DLog 4: Machine Learning revisited
Over the last few weeks I have been pretty occupied with my own research project. After what seems like an eternity, I am back to implementing novel neural net architectures and training them. It has been exhilarating to have the liberty to work on my own project without the sword of a conference deadline hanging over my head. As lame as it sounds, working intimately with a challenging problem and getting down in the trenches of implementing a project from scratch has brought me immense satisfaction and peace of mind. My experiments are not yielding expected results yet, but that’s something for another dev log.
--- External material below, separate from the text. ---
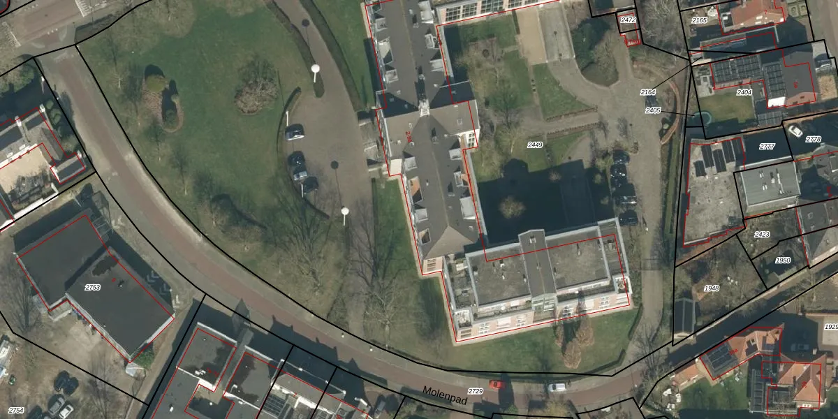 Het perceel waarop Molenpad 46 staat heeft een oppervlakte van 1,2 ha. Dit is een zeer groot perceel. De perceeloppervlakte wordt geregistreerd door het Kadaster. Gedetailleerde informatie over de maten van dit perceel kunt u vinden in het rapport Kadastrale kaart met maatvoering van Molenpad 46.

One bad habit I’ve had for a long time now is the inertia towards not changing my programming style to adopt development best practices and consequently not growing as a developer. I am actively trying to fix this in my current project. As of now I’ve implemented two good practices and plan to implement to a few more over the course of it.
Code formatting and build automation:
The first change I’ve made is that I am using the code formatter black
to keep my codebase nicely formatted as I develop it. I changed the column-width to 80 but other than that I’ve let black
do what it does best.
Also, since it is cumbersome to run black repeatedly, I’ve just automated it under make format
in my Makefile. A simple make format
before commits and my codebase stays pristine (at least formatting-wise)!
Visualizing training:
As ashamed as I am of admitting this, I’ve always been one of those people who logs their ML training metrics like losses and accuracies as console outputs. Until now. I’m now using Tensorboard with my Pytorch code and it has been an incredible change. I can predict with certainity that it is going to be a staple of my machine learning projects.
That’s all for today’s update. Hopefully I will have experimental results for next time!
Key Learnings
Next
I plan to keep working with my research over the summer, and learn experiment management and other tools related to research engineering roles. I’ve already started with Tensorboard. Next, I plan to include Weights & Biases to track my experiments and perform hyperparameter sweeps. Since I also plan to do a code release I will be looking into configuration management as well.